Do High Heart Rate Exercises Help Or Hurt Muscle Growth?
While the bulk of muscle growth occurs during focused strength training, there's an intriguing connection between high heart rate exercises and enhancing hypertrophy.
Research suggests that pushing your heart rate to its limits at the end of a workout may create a hormonal environment conducive to muscle growth, potentially through increased blood flow and the release of growth factors.
In our previous article, we shared some tips from Peter Attia's chat with Andy Galpin chat related to isometrics. Now let's see how high intensity bursts, if strategically integrated, can get your heart rate pumping AND support muscle growth.
High Heart Rate Exercises and Muscle Growth:
You may have heard in the past that high heart rate exercises would be detrimental to your muscle gains, or at the very least, a waste of time.
New research is showing that due to increased blood flow and hormonal responses triggered by intense exercise, it might create a good environment for muscle growth after all.
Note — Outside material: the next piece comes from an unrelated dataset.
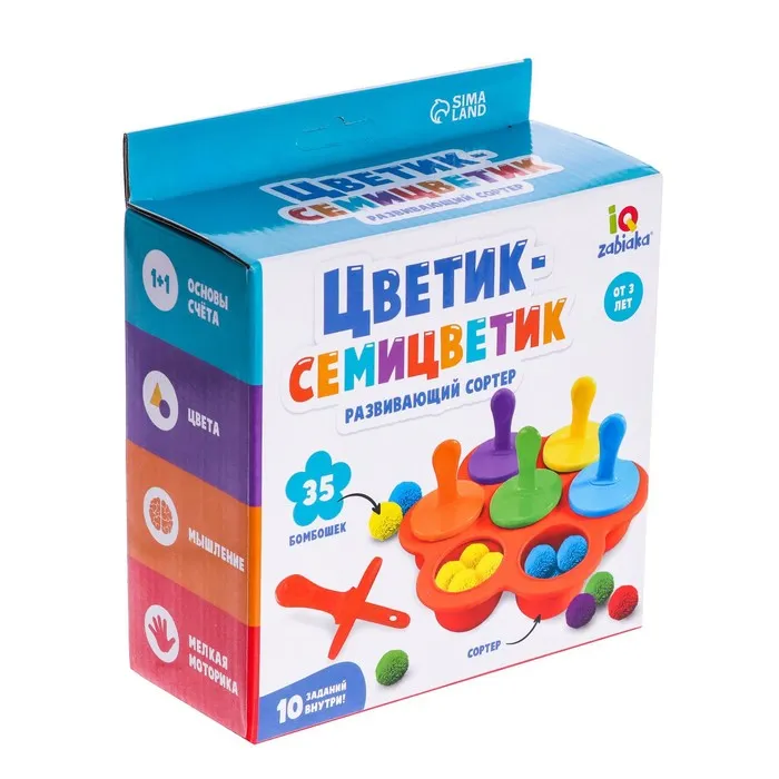Развивающий сортер «Цветик-семицветик» поспособствует развитию логического мышления, памяти, мелкой моторики и внимания.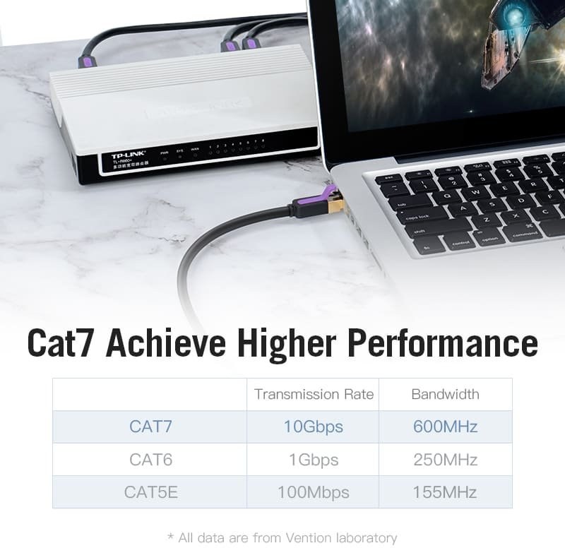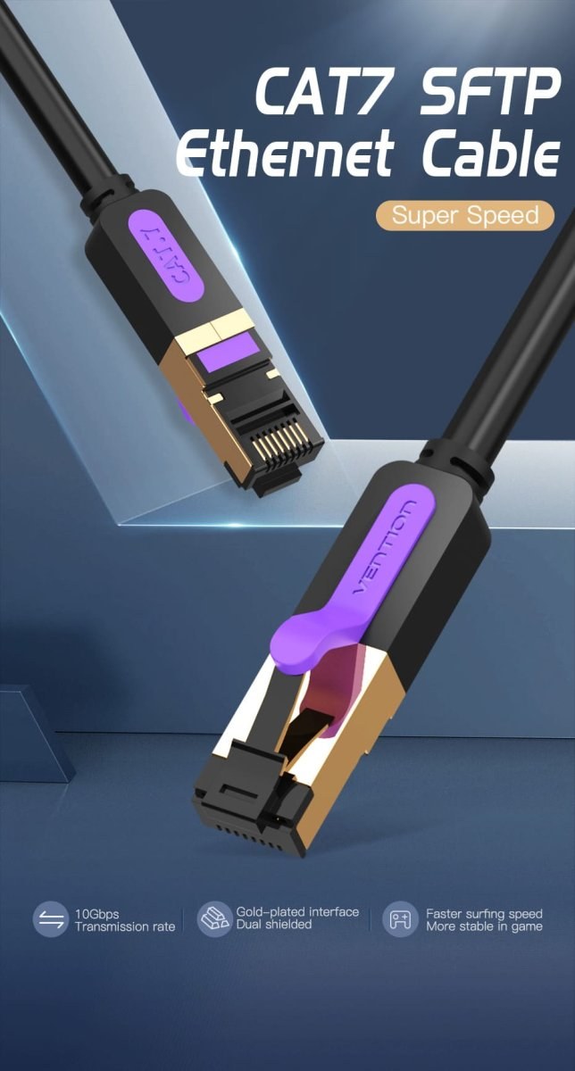 Vention patch kábel RJ45, cat.7, S-FTP, 3,0m, čierny

Potential Benefits: In Peter Attia's interview with Andy Galpin they talk about how high heart rate exercises at the end of a workout may have a positive impact on muscle growth, potentially through increased blood flow and hormonal responses.
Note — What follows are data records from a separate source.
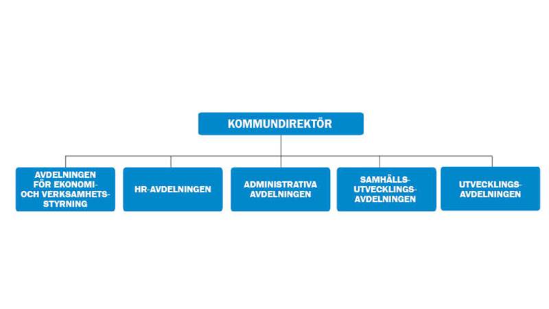 Kommundirektör Kristina Tidestav är förvaltningsdirektör. Fem avdelningar ingår i förvaltningen.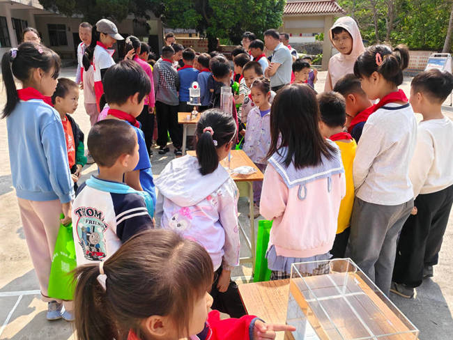 为让深山学子近距离感受科学的魅力,罗定市气象局全力支持本次活动,将气象科普展板、人工干预天气作业车、专业气象观测仪器等悉数带到教学点。孩子们在工作人员的引导下,有序观摩人工干预天气作业车,亲手操作体验各类气象仪器,参与趣味科学小实验,认真参观科普展板,近距离探索气象科学的奥秘。每一个体验环节都让孩子们充满好奇,眼中闪烁着对科学探索的渴望。活动最后,市科协联合市气象局、市知联会为全校每一位孩子都送上了文具礼包,用实实在在的关爱温暖老区学子,让他们在收获知识的同时,感受到来自社会各界的关怀。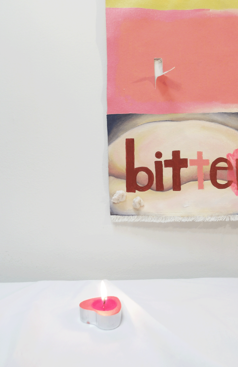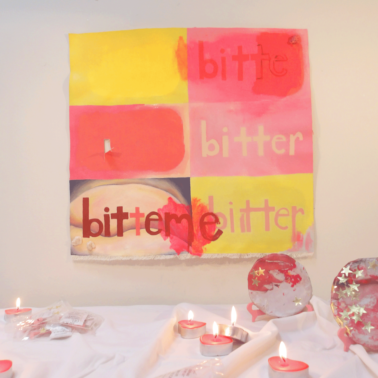 cake crumbs, 2024, chewed gum (sugar free), tinfoil, canvas, cotton thread, oil paint, acrylic paint, scented candles, papier mâché, plywood, super glue, silk, gold star stickers, enamel spray paint, silica gel, plastic, machine stitching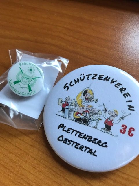 Jedoch eine erfolgreiche Nachricht gibt es vor unseren Schützenfest. Die Pins und Buttons sind da. Wie auf der JHV und diversen erweiterten Vorstandssitzungen erwähnt, soll durch den Erwerb die 3. Kapelle und der Planwagen finanziert werden. Der Rest, bzw. der Überschuss fließt zu 100% in die Kasse der Kinder-und Jugendabteilung. Je Pin und Button sind es nur 3€ , zusammen 5€. Wer mehr geben will, kann dies gerne tun. Hiermit bedanke ich schon mal für die bis jetzt getätigten Spenden und Erwerb der Pins und Buttons. Jeder hat was davon, nämlich was vom Verein, Unterstützung und das aktive miterleben der Festumzug durch den Planwagen.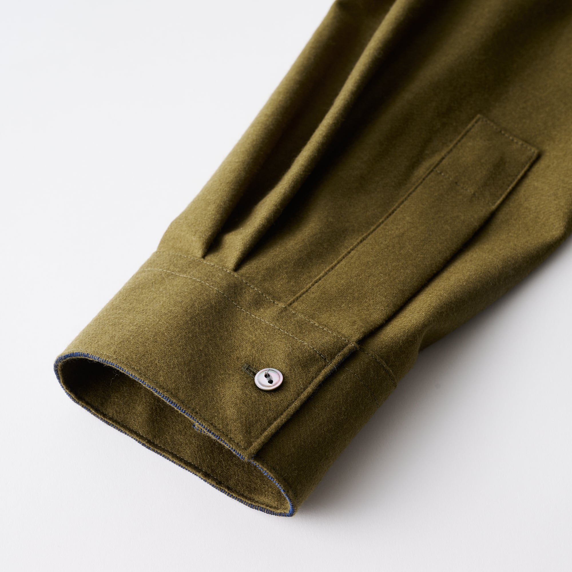 ウールのバランサーキュラー®生地を使用した、レギュラーカラーロングスリーブシャツ。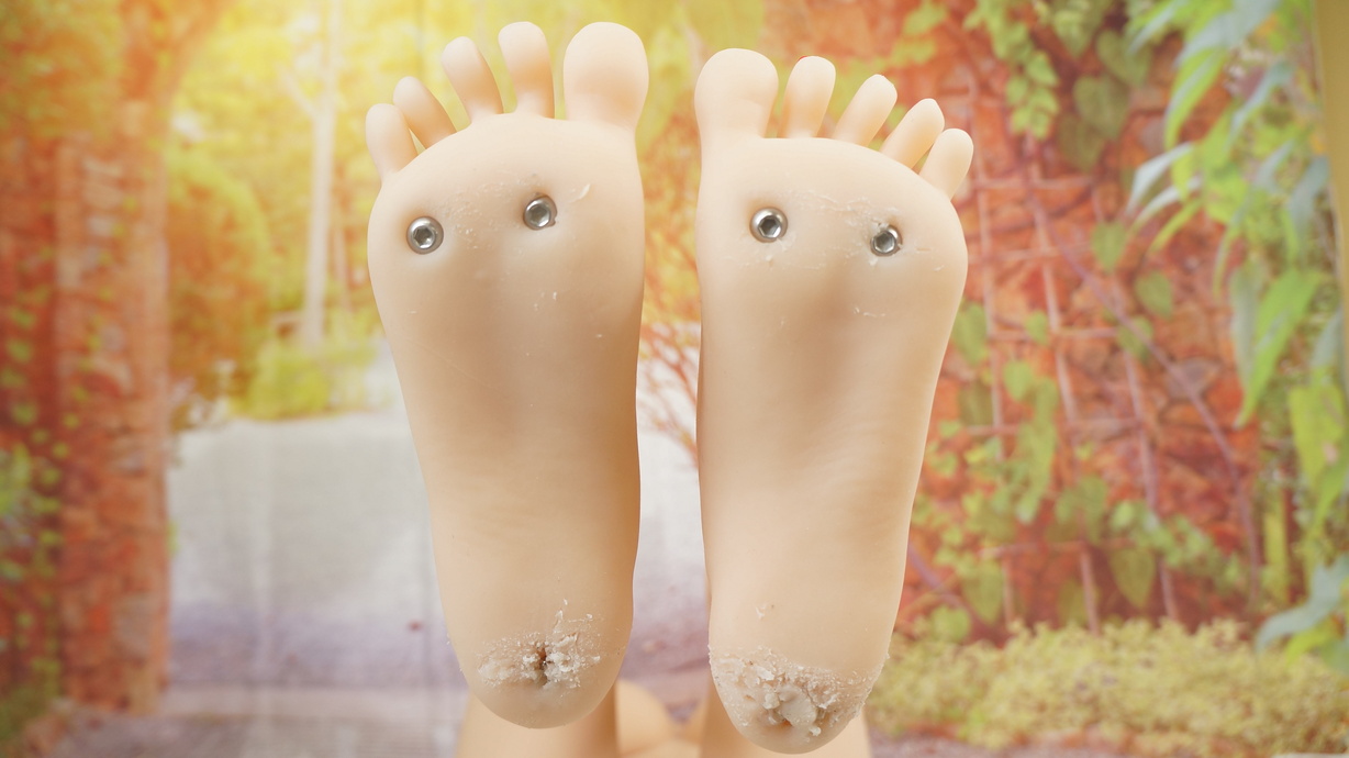 ・両足裏にほつれと亀裂(補修済み)-

Types of Exercises: Examples of high heart rate exercises include sprints, Tabata intervals (20 seconds of intense exercise followed by 10 seconds of rest, repeated for 4 minutes), and other activities that elevate your heart rate to near maximum.
Timing: Perform high heart rate exercises at the end of your workout, after your strength training is completed.
Duration: Aim for a few minutes of high-intensity exercise to elevate your heart rate.
Frequency: Start with 1-2 sessions per week and gradually increase frequency based on your fitness level and recovery.
Additional Tips for Getting High Heart Rate Exercise:
To get the most out of this add-on approach, here are some extra considerations:
Variety: Experiment with different activities like running, cycling, jumping rope, or high-intensity interval training (HIIT) to keep your workouts engaging.
Intensity: Push yourself to a level of exertion that feels challenging but sustainable.
Consult a Professional: If you have any underlying health conditions, consult with a doctor or qualified trainer before starting a high-intensity exercise program.
Remember, these are just general guidelines. For personalized advice and a tailored workout plan, consider consulting with a certified trainer or fitness professional.